Print the lines of the entries below from the one with "Premier appareil d'expériences" through the final line, exactly as they appear. The pictures are not part of the copy.

(Collected data)

================================

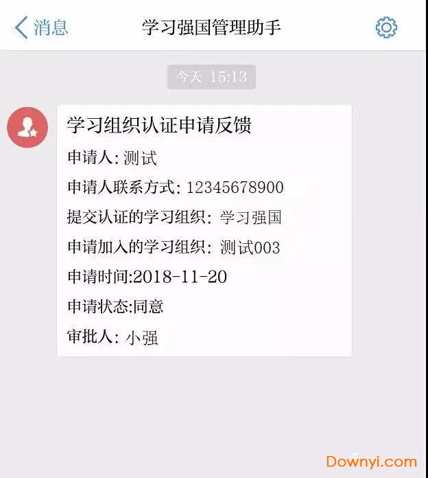 4、接收到上级学习组织管理员审批通过的消息通知,就表示认证成功。
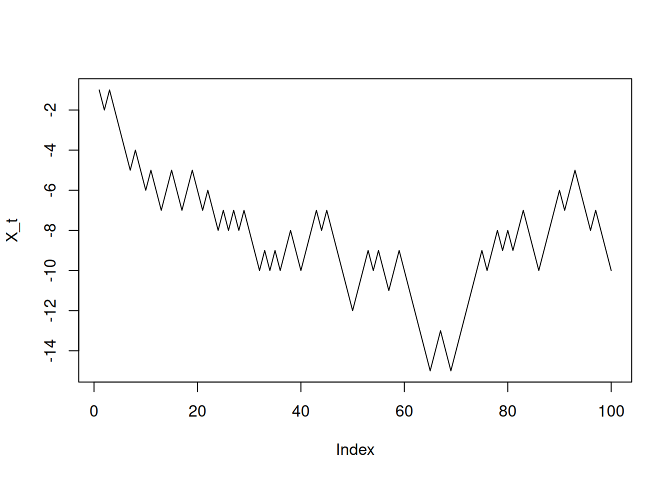 where \(e_t\) is random with equal probability for \(-1\) and \(1\).
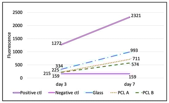 Figure 6 compares the increasing rate of cell metabolic activity in terms of the fluorescence values for all three biomaterials with that of the positive and negative controls. The image supports the claim that the scaffolds encouraged cell proliferation between Day 3 and Day 7, but when compared to the positive control and to the glass coverslips, the scaffolds held a lot of scope for improvement in cell adhesion.
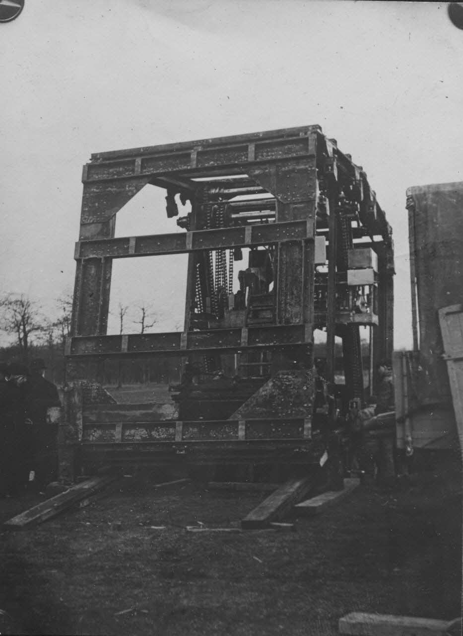 Premier appareil d'expériences J.-L. Breton pour la destruction des réseaux de fils de fer (décembre 1914).
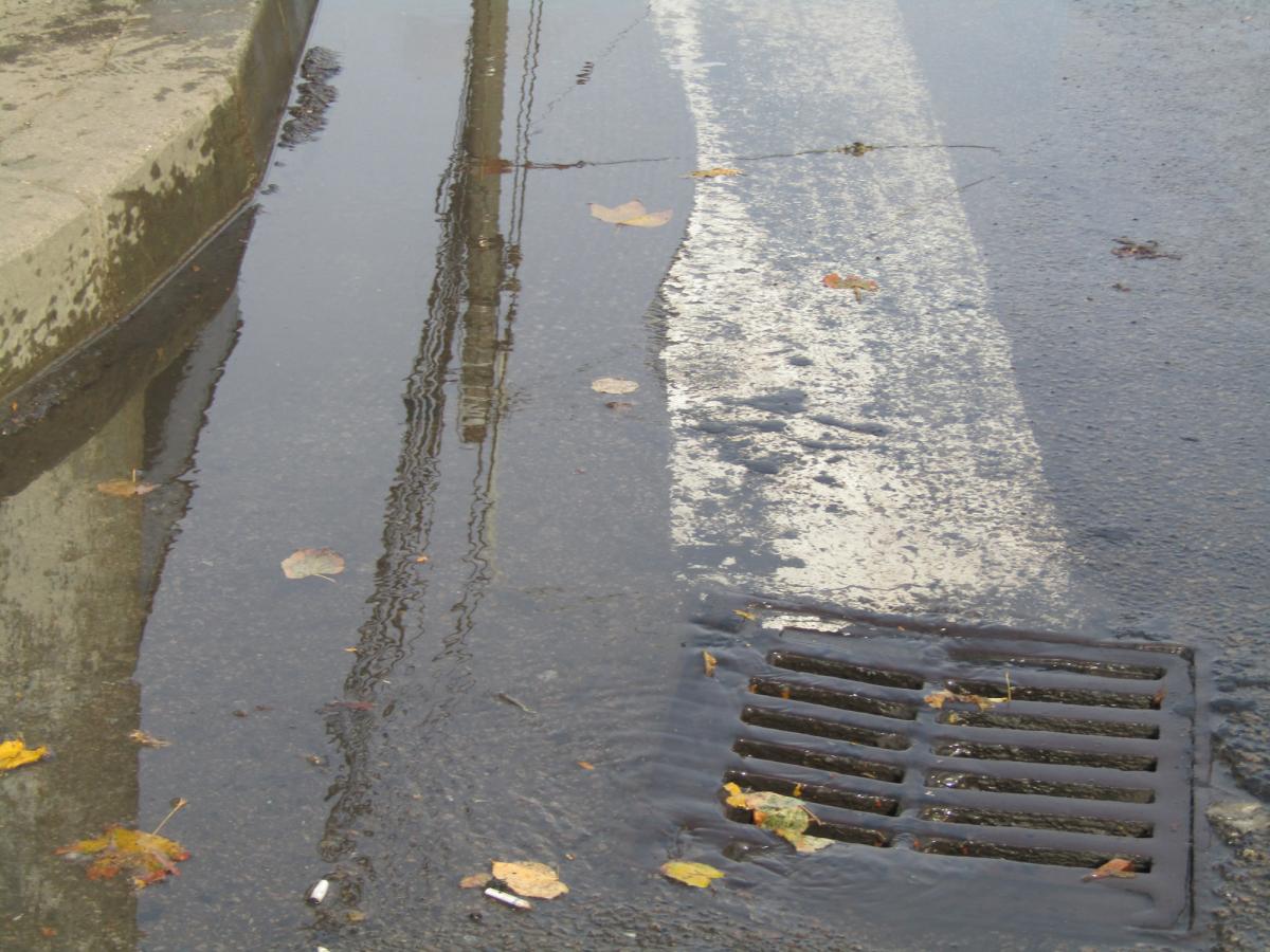 * luni, s-a mai făcut o tentativă de reasfaltare a carosabilului, astfel încât apa de ploaie să se scurgă corespunzător la canalizare * ieri, la proba cu apa, tot s-a format baltă în stație

================================

#### Final answer
 Premier appareil d'expériences J.-L. Breton pour la destruction des réseaux de fils de fer (décembre 1914).
 * luni, s-a mai făcut o tentativă de reasfaltare a carosabilului, astfel încât apa de ploaie să se scurgă corespunzător la canalizare * ieri, la proba cu apa, tot s-a format baltă în stație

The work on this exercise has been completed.